*** Stored data ***
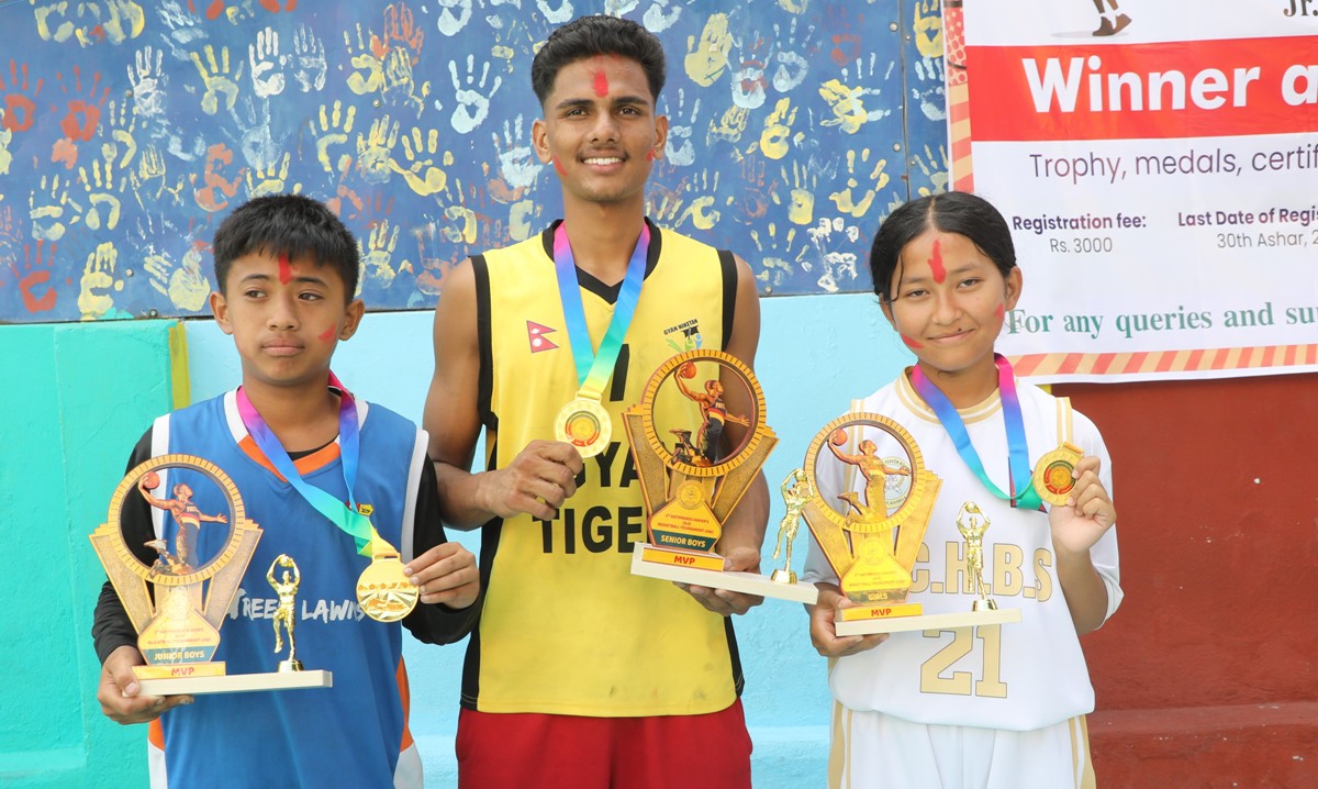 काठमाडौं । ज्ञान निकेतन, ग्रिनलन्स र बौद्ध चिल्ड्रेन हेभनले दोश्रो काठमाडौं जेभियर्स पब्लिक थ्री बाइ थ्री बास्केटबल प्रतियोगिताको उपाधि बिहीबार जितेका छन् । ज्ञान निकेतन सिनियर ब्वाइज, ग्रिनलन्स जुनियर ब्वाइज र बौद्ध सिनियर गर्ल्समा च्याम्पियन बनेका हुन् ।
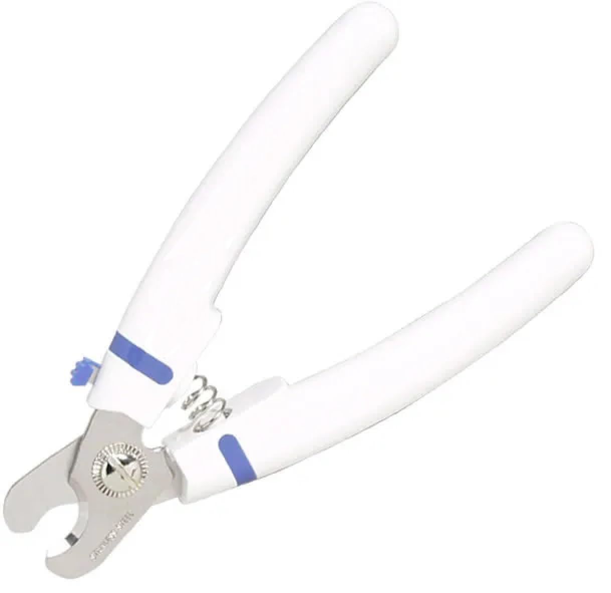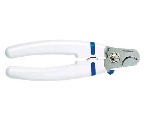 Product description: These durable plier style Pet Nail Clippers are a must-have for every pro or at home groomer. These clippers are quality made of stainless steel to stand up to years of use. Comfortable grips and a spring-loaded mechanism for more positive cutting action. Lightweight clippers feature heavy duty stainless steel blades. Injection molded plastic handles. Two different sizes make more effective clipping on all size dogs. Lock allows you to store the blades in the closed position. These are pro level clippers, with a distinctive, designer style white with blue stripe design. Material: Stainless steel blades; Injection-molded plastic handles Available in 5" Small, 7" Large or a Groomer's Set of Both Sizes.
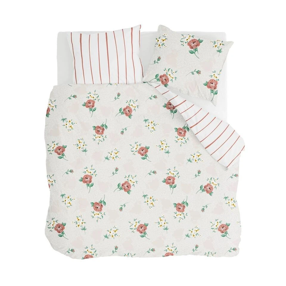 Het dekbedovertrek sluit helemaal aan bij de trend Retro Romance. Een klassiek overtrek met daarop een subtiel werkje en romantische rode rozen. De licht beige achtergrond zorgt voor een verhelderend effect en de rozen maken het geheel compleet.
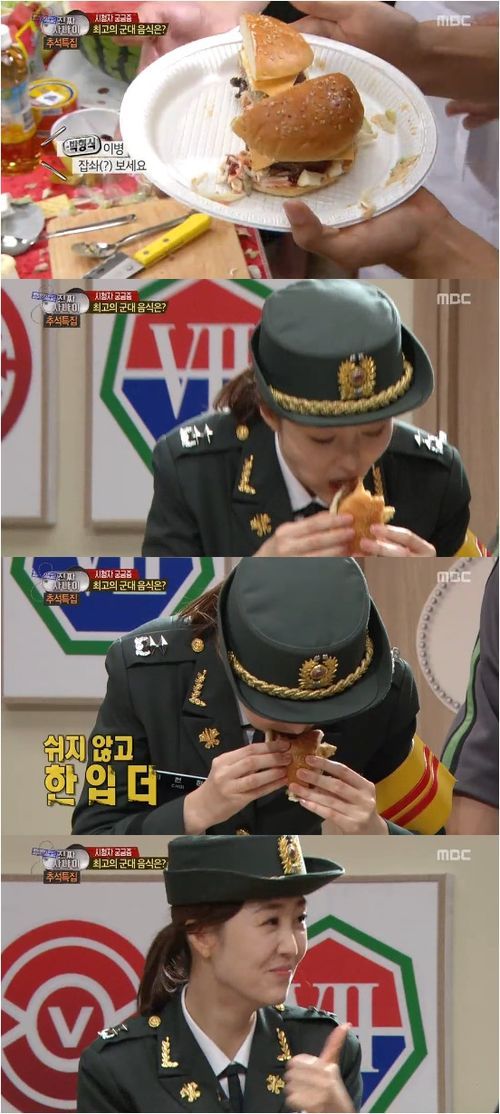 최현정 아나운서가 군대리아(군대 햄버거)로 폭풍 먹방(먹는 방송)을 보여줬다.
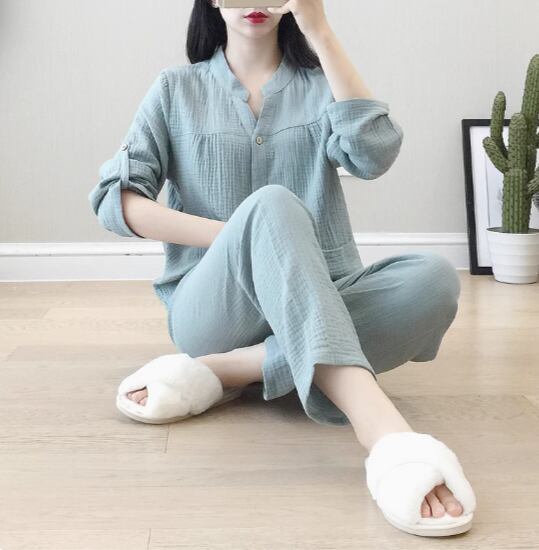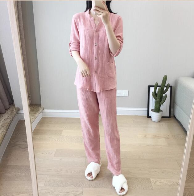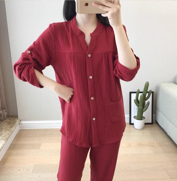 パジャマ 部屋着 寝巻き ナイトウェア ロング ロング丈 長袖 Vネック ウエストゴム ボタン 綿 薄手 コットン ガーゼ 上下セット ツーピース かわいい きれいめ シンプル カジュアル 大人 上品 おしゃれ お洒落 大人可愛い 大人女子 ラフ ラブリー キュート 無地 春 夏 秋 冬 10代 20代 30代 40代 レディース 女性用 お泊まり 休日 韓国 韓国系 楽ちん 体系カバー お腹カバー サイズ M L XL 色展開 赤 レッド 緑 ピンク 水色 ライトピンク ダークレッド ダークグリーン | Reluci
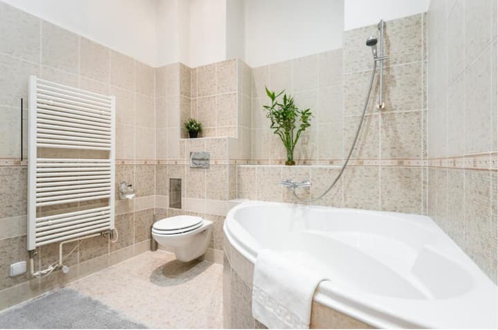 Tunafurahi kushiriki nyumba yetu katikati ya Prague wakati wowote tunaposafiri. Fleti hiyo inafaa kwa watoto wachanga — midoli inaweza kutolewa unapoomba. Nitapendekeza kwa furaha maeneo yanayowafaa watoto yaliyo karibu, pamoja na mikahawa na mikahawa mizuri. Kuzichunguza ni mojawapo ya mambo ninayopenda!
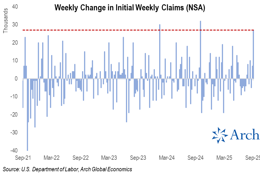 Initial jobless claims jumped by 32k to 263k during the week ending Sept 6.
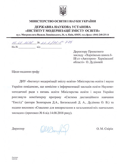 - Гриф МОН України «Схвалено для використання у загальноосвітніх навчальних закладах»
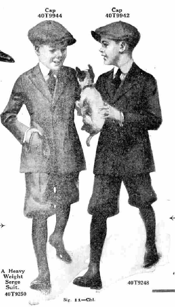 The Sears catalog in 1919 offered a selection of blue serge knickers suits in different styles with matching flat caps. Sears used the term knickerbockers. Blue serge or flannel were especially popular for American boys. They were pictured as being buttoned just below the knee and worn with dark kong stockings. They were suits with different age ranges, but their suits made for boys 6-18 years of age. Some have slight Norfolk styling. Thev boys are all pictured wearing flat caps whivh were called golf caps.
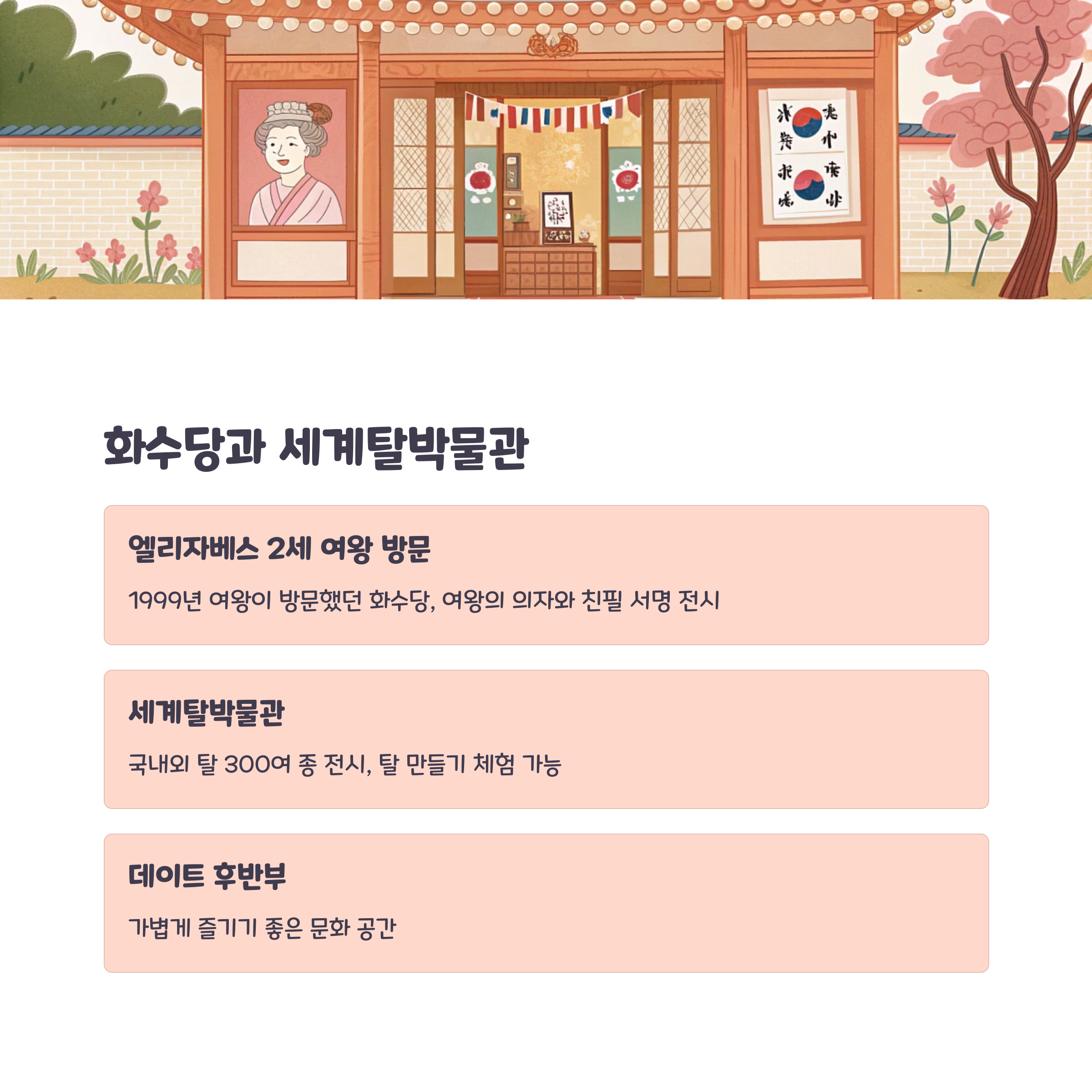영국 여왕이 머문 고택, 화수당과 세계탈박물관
*** End of Stored data ***
# What needs to be done:
Please set down, word for word, the lines starting at the line that holds "Initial jobless claims" and running to the end of the listing, with no pictures.

# Result:
 Initial jobless claims jumped by 32k to 263k during the week ending Sept 6.
 - Гриф МОН України «Схвалено для використання у загальноосвітніх навчальних закладах»
 The Sears catalog in 1919 offered a selection of blue serge knickers suits in different styles with matching flat caps. Sears used the term knickerbockers. Blue serge or flannel were especially popular for American boys. They were pictured as being buttoned just below the knee and worn with dark kong stockings. They were suits with different age ranges, but their suits made for boys 6-18 years of age. Some have slight Norfolk styling. Thev boys are all pictured wearing flat caps whivh were called golf caps.
영국 여왕이 머문 고택, 화수당과 세계탈박물관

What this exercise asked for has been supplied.